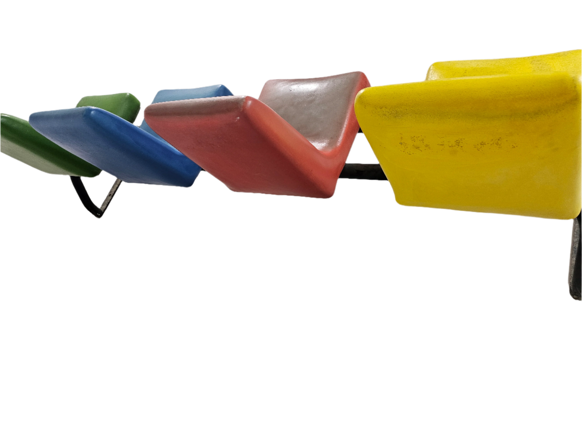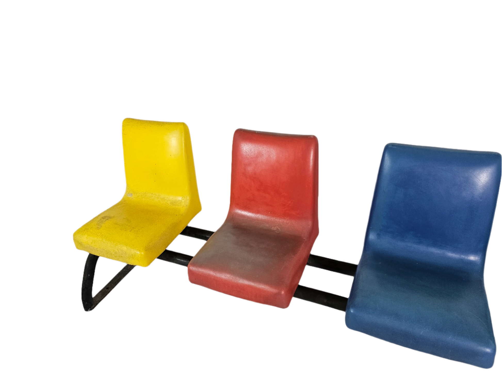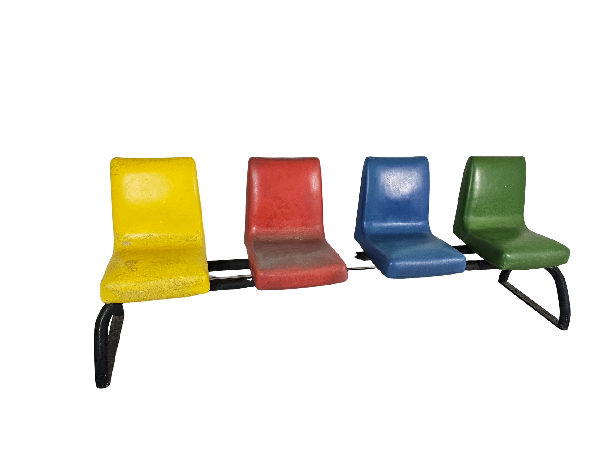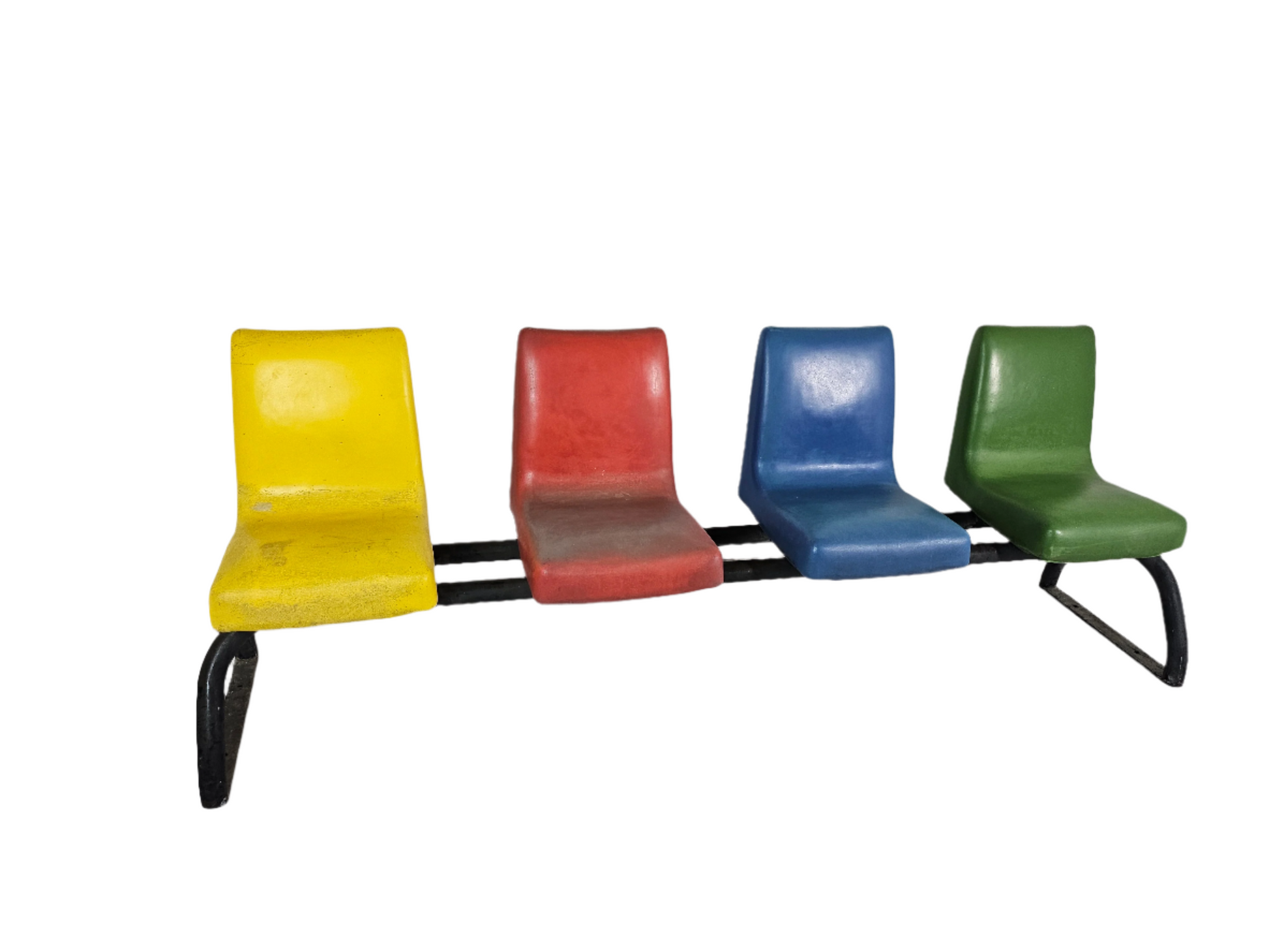 I bought this bench at an estate sale. Owners told me they bought the house in 1960 and the bench was already at the garden of the house. So, the bench must be from 1940 as when they build the house. It’s a really well made bench, is made out of soft rubber, colors are still bright no tears at all, the base is solid iron is extremely heavy even though the bench is for outdoors is attractive enough to use it indoors.
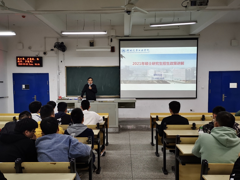为坚定车院考研学子的信念、客观分析考研形势、提升考研成功率,10月20日晚上18:15,9001cc金沙于6215教室召开了17级考研政策解读会,学院副院长尹长城、学校研究生处研招办主任林飞飞进行了专题分享,100余名考研学子参加。
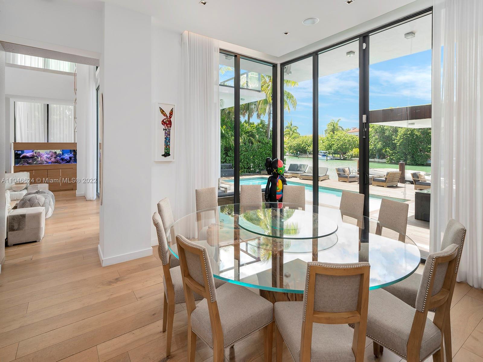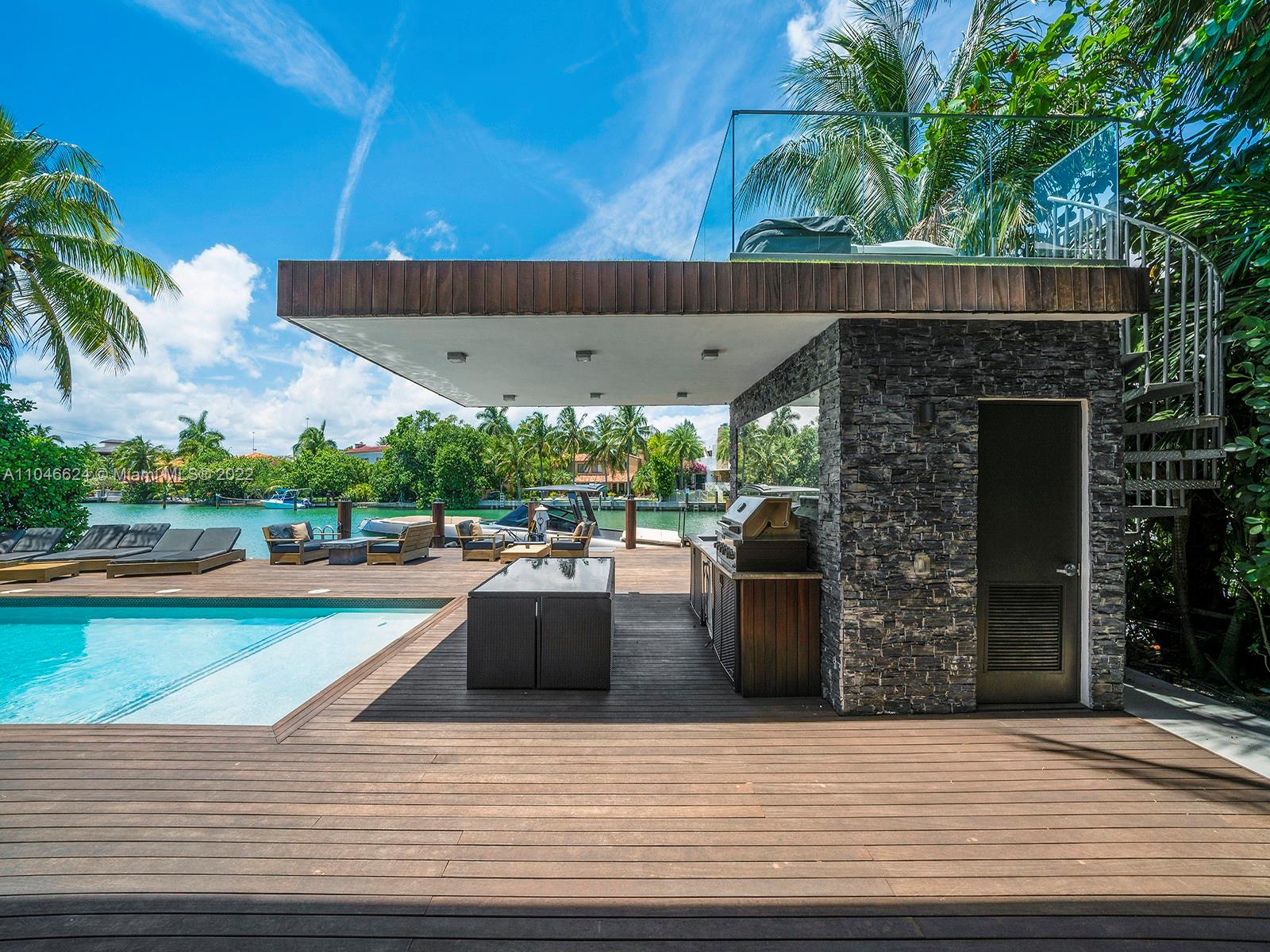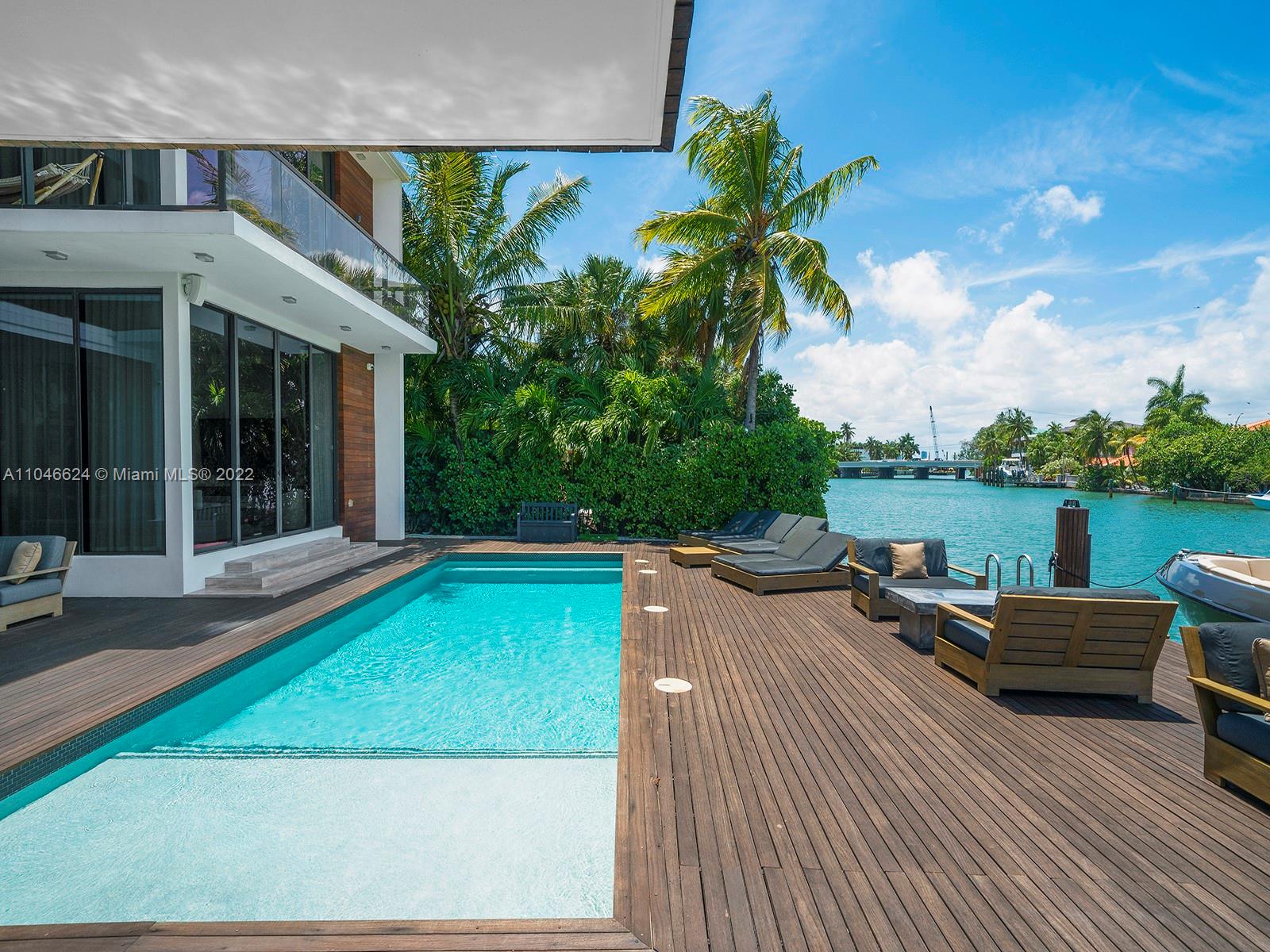 This exquisite contemporary residence, Designed by well-known Cheoff Levy Fishman, was designed to take advantage of its spectacular setting, with the Biscayne Waterway, allowing easy bay access, in the rear, and the Miami Beach Golf Club across the street. Designed as a home for entertaining, indoor and outdoor amenities abound, such as the living room with its 28 foot ceilings, the large waterfront dining room, the chef’s kitchen with Wolf and Subzero appliances and rich marble countertops, the family room in its own pavilion, and the waterfront pool with baja shelf and adjacent summer kitchen, set within a huge ipe wood deck. Upstairs, a large catwalk loft opens to a spectacular master suite with two very large terraces, two dressing rooms, and two water closets.

### What needs to be done
The material above is to be set down exactly, with pictures removed.

### Written solution
 I bought this bench at an estate sale. Owners told me they bought the house in 1960 and the bench was already at the garden of the house. So, the bench must be from 1940 as when they build the house. It’s a really well made bench, is made out of soft rubber, colors are still bright no tears at all, the base is solid iron is extremely heavy even though the bench is for outdoors is attractive enough to use it indoors.
为坚定车院考研学子的信念、客观分析考研形势、提升考研成功率,10月20日晚上18:15,9001cc金沙于6215教室召开了17级考研政策解读会,学院副院长尹长城、学校研究生处研招办主任林飞飞进行了专题分享,100余名考研学子参加。
 This exquisite contemporary residence, Designed by well-known Cheoff Levy Fishman, was designed to take advantage of its spectacular setting, with the Biscayne Waterway, allowing easy bay access, in the rear, and the Miami Beach Golf Club across the street. Designed as a home for entertaining, indoor and outdoor amenities abound, such as the living room with its 28 foot ceilings, the large waterfront dining room, the chef’s kitchen with Wolf and Subzero appliances and rich marble countertops, the family room in its own pavilion, and the waterfront pool with baja shelf and adjacent summer kitchen, set within a huge ipe wood deck. Upstairs, a large catwalk loft opens to a spectacular master suite with two very large terraces, two dressing rooms, and two water closets.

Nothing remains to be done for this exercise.